DATA TO EXAMINE:

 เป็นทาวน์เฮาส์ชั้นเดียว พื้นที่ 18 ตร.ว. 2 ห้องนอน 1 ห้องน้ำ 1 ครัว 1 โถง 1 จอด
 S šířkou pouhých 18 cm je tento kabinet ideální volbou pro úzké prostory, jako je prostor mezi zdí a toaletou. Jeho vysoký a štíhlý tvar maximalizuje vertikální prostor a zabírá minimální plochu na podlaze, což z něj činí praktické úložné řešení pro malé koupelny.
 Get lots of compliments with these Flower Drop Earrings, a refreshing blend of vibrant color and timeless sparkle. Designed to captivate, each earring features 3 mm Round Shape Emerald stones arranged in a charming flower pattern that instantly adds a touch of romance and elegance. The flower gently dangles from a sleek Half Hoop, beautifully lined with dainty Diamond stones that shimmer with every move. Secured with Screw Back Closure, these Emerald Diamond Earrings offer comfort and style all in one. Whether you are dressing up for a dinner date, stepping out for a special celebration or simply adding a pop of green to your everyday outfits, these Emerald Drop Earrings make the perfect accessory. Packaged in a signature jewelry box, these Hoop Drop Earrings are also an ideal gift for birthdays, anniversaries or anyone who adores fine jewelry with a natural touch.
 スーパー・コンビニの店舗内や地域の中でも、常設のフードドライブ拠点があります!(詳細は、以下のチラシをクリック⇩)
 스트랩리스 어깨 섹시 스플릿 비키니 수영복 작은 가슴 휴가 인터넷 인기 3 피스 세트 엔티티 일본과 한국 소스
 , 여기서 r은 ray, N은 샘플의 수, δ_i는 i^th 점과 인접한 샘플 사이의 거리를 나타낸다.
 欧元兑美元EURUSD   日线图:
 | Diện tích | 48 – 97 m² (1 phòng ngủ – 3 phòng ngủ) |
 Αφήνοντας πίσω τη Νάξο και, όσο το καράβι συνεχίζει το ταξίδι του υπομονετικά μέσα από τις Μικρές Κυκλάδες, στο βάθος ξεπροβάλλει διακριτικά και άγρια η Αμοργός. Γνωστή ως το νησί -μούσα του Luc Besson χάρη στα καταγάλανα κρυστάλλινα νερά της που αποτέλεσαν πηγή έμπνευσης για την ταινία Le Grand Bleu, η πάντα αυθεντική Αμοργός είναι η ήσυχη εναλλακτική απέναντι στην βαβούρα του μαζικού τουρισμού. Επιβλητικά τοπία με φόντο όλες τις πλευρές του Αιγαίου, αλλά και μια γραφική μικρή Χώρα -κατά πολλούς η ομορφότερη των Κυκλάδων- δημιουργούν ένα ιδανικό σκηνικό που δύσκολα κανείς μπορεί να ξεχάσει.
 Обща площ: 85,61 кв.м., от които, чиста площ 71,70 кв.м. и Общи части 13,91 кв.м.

TASK ITEM:
Both the line containing "사이의 거리를 나타낸다." and the line containing "phòng ngủ) |" belong in the answer. Print them and every line above that falls between them exactly, and no others.

ANSWER BOX:
 , 여기서 r은 ray, N은 샘플의 수, δ_i는 i^th 점과 인접한 샘플 사이의 거리를 나타낸다.
 欧元兑美元EURUSD   日线图:
 | Diện tích | 48 – 97 m² (1 phòng ngủ – 3 phòng ngủ) |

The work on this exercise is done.